Records from a data source:

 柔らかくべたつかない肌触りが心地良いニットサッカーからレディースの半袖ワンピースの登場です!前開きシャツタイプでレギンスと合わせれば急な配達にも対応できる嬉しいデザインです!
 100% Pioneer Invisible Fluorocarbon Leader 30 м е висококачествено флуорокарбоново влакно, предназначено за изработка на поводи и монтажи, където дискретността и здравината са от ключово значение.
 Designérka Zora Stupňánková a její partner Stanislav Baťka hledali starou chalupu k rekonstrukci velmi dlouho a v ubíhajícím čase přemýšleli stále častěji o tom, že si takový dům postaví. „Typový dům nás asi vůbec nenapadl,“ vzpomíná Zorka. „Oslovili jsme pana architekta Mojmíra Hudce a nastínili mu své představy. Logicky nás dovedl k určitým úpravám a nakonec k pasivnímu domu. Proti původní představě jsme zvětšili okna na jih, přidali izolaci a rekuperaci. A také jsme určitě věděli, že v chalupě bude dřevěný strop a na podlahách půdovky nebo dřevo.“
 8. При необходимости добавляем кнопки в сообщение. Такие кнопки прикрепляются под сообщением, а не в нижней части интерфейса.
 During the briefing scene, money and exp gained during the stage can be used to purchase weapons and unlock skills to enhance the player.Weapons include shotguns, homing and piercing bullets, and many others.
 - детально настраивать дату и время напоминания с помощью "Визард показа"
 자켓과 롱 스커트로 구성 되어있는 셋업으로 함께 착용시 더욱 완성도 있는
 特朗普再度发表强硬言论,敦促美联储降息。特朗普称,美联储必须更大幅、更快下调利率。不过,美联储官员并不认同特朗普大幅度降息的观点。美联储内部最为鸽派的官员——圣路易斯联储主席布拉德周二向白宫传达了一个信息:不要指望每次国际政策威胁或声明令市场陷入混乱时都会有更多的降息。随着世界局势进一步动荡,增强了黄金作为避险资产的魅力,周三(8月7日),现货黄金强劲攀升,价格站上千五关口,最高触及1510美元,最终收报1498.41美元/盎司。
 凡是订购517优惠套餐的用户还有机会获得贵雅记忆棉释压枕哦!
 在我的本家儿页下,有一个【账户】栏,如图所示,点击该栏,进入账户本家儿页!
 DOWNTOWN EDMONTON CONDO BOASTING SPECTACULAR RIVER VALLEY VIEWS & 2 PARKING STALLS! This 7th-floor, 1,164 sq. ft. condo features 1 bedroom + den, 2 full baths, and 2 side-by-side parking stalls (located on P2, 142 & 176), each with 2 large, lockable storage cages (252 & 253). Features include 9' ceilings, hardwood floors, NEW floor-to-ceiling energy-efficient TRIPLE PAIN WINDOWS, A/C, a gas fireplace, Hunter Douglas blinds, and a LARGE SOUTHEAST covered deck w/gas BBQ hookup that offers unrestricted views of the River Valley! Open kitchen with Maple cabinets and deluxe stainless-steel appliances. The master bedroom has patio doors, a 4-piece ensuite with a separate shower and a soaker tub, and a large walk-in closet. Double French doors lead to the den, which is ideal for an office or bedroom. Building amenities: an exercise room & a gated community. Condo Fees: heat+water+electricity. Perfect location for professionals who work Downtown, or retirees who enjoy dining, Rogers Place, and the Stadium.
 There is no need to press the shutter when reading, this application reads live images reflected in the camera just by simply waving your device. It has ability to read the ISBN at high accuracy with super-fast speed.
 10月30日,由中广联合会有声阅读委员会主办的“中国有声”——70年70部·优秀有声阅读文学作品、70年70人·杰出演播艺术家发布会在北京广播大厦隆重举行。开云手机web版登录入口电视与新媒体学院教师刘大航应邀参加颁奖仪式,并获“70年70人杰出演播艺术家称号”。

= YOUR TASK =
From the line with "DOWNTOWN EDMONTON CONDO" through the final line of the records, return each line exactly. Leave out the rest.

= EXERCISE SOLUTION =
 DOWNTOWN EDMONTON CONDO BOASTING SPECTACULAR RIVER VALLEY VIEWS & 2 PARKING STALLS! This 7th-floor, 1,164 sq. ft. condo features 1 bedroom + den, 2 full baths, and 2 side-by-side parking stalls (located on P2, 142 & 176), each with 2 large, lockable storage cages (252 & 253). Features include 9' ceilings, hardwood floors, NEW floor-to-ceiling energy-efficient TRIPLE PAIN WINDOWS, A/C, a gas fireplace, Hunter Douglas blinds, and a LARGE SOUTHEAST covered deck w/gas BBQ hookup that offers unrestricted views of the River Valley! Open kitchen with Maple cabinets and deluxe stainless-steel appliances. The master bedroom has patio doors, a 4-piece ensuite with a separate shower and a soaker tub, and a large walk-in closet. Double French doors lead to the den, which is ideal for an office or bedroom. Building amenities: an exercise room & a gated community. Condo Fees: heat+water+electricity. Perfect location for professionals who work Downtown, or retirees who enjoy dining, Rogers Place, and the Stadium.
 There is no need to press the shutter when reading, this application reads live images reflected in the camera just by simply waving your device. It has ability to read the ISBN at high accuracy with super-fast speed.
 10月30日,由中广联合会有声阅读委员会主办的“中国有声”——70年70部·优秀有声阅读文学作品、70年70人·杰出演播艺术家发布会在北京广播大厦隆重举行。开云手机web版登录入口电视与新媒体学院教师刘大航应邀参加颁奖仪式,并获“70年70人杰出演播艺术家称号”。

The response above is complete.